I suspect float unboxing had less speedups than I was expecting because the CPython 3.11 Specializing Adaptive Interpreter/ INCA instructions already directly do machine instruction float additions. It just requires a dereference to the float objects. See https://github.com/python/cpython/blob/82eb9469e717e0047543732287a8342e646c2262/Python/generated_cases.c.h#L423-L440

I will try int unboxing next. I suspect that will have the greatest speedup because the INCA/PEP 659 instructions cannot do native machine int add on them, and still has to go through the _PyLong_Add routine.
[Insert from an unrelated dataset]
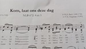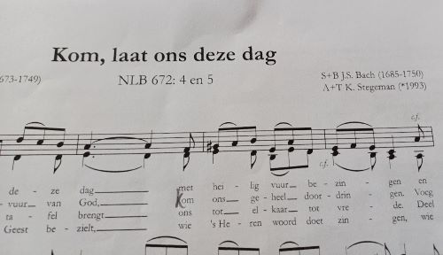 We begonnen de viering met het zingen van lied 672 ‘Komt laat ons deze dag’, een pinksterlied geschreven door J.S. Bach. Karel had daar voor de tenor- en de altpartij een nieuwe bewerking van gemaakt, dus zijn naam stond prominent onder die van de grote meester op ons muziekpapier; zie daarvoor de afbeelding rechts.

See https://github.com/python/cpython/blob/82eb9469e717e0047543732287a8342e646c2262/Python/generated_cases.c.h#L442-L460

sbrunthaler commented 1 year ago

Aloha!

Sorry for being late, exams and such seem to happen much more frequent than I care for...
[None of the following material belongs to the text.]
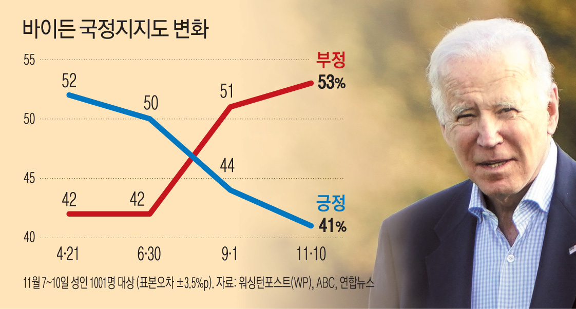 지난 8월 아프가니스탄 철군 혼란 사태가 지지율 하락을 촉발했다면 지지부진한 코로나19 방역, 급속한 물가 상승 등 경제정책에 대한 실망감은 이를 부채질하고 있다.
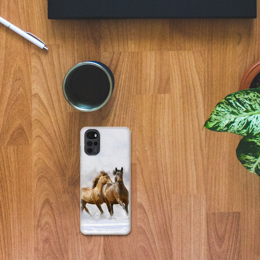 Voor de paardenliefhebbers onder ons hebben we onze collectie uitgebreid met dit design hoesje met print van paarden. Vroeger hield de mens vooral werkpaarden, inmiddels hebben we vriendschap gesloten met het paard. Vandaar dat het ook een favoriet dier is op onze smartphonehoesjes, zoals deze tpu case. Een TPU Hoesje voor de Motorola Moto G22 met Paarden is niet alleen super mooi en chique, maar ook nog eens zeer flexibel. Verder is de case schokabsorberend en heeft het opstaande randen. Zie je liever je eigen paard terug op een hoesje. Dat kan! Door zelf een uniek hoesje te ontwerpen, met eigen foto’s en teksten. De TPU case wordt aan de bovenzijde bedrukt, de zijkanten blijven transparant.

I glanced at your implementation two weeks ago, and there are two things I want to highlight: a) What you already mentioned, Floats are not ideal for comparison, because they are rather "shallow". b) Your implementation is using a dedicated UNBOX_x instruction that performs unboxing. (I had a similar first implementation, too, btw.) So, w/o superinstructions, you will suffer from dispatch overhead on instructions that are already quite low-level. Since going full superinstructions maybe expensive w.r.t. implementation, I think it's much simpler (and equally worthwhile for testing/evaluation) to move the unboxing into the loads (which is what I ended up with in my MLQ implementation.)

All the best from Munich, --stefan

Fidget-Spinner commented 1 year ago

Just to close off the loop, this is the final report on preliminary experiments on type propagation of basic blocks. For the superblock approach, type propagation should be significantly simpler as it's a straight-line code sequence.

https://discuss.python.org/t/preliminary-experiments-for-tier-2-interpreter-ideas-in-cpython/25874

(EDIT) NOTE

This report contains many limitations, and is not a guide for language implementers to follow. Rather it is a set of experiments in CPython. We encourage people to learn from it, but please do not follow the implementation as-is if you want better performance.

Chiefly among the features, it has the following drawbacks:

We go into a lot more details about the limitations and lack of speedups in the report.

Thanks for Stefan Brunthaler for reminding me and pointing these out.